== TASK GOAL ==
Starting at the line that contains "925 STERLING SILVER GEMSTONE", copy every line to the end of the material below exactly, and omit the pictures.

:: DATA PROVIDED

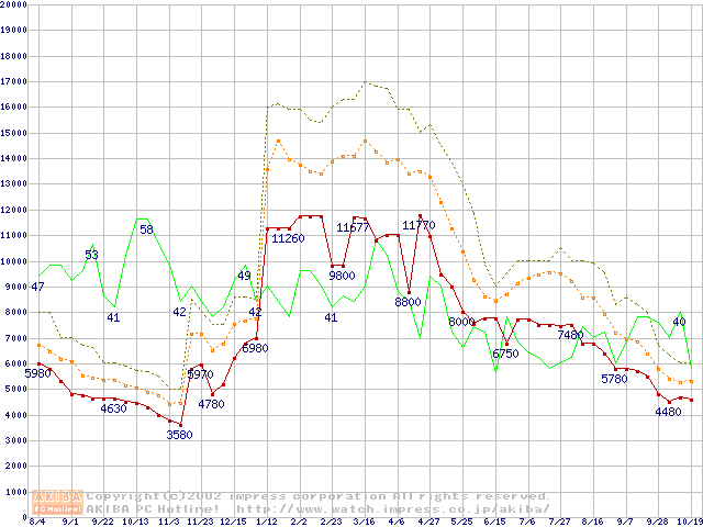 メモリ主要製品の最安値推移
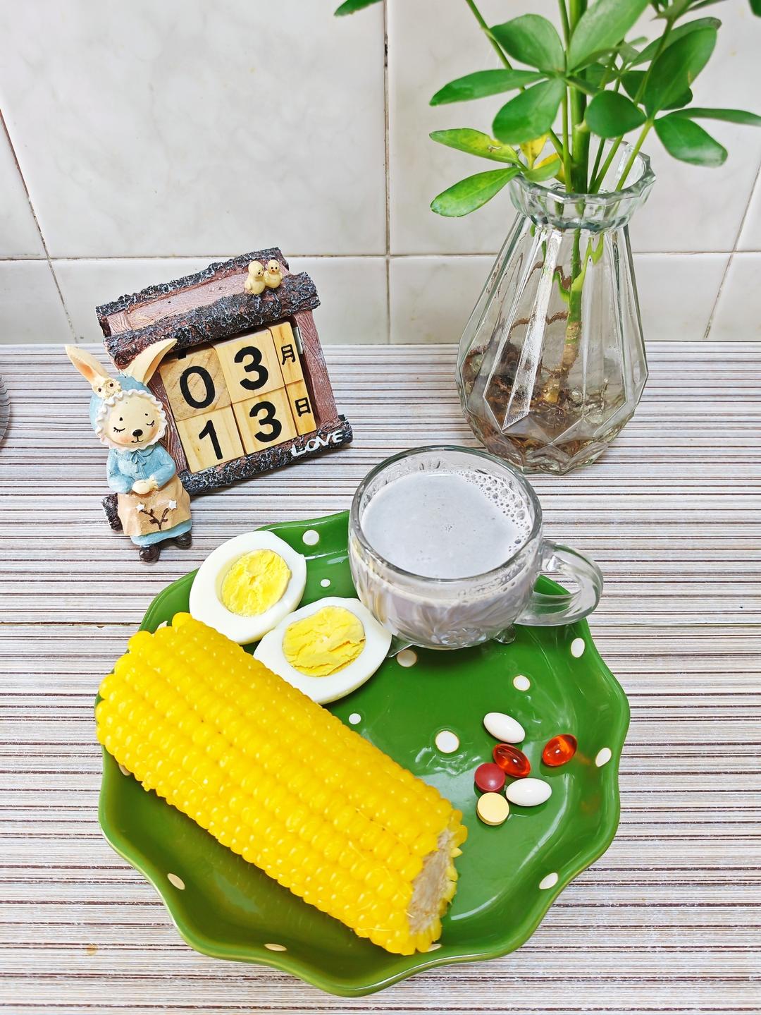 3.13早餐日记:蒸玉米+水煮蛋+豆浆+维生素
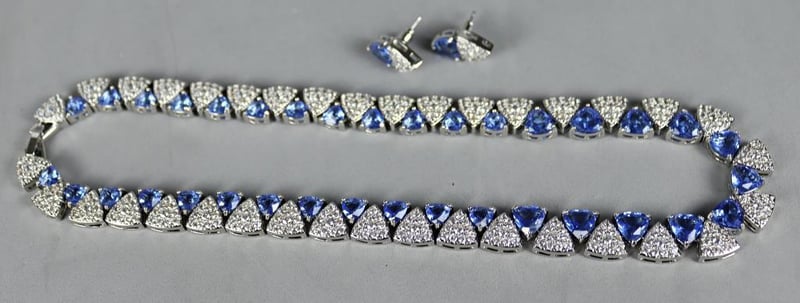 925 STERLING SILVER GEMSTONE NECKLACE AND EARRINGS - BLUE Type : 925 Sterling SilverMain Stone Color : BlueNotes : Women'S Jewellery Condition: Good - Refer Images 0488984+25
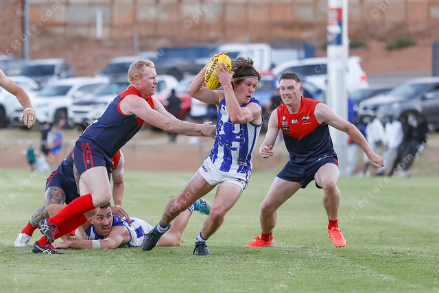 South Gawler’s Flynn Pisani tries to evade the tackles from Ash Fry and Deakin Davis. (470719_07)

::::

== ANSWER TO THIS EXERCISE ==
 925 STERLING SILVER GEMSTONE NECKLACE AND EARRINGS - BLUE Type : 925 Sterling SilverMain Stone Color : BlueNotes : Women'S Jewellery Condition: Good - Refer Images 0488984+25
 South Gawler’s Flynn Pisani tries to evade the tackles from Ash Fry and Deakin Davis. (470719_07)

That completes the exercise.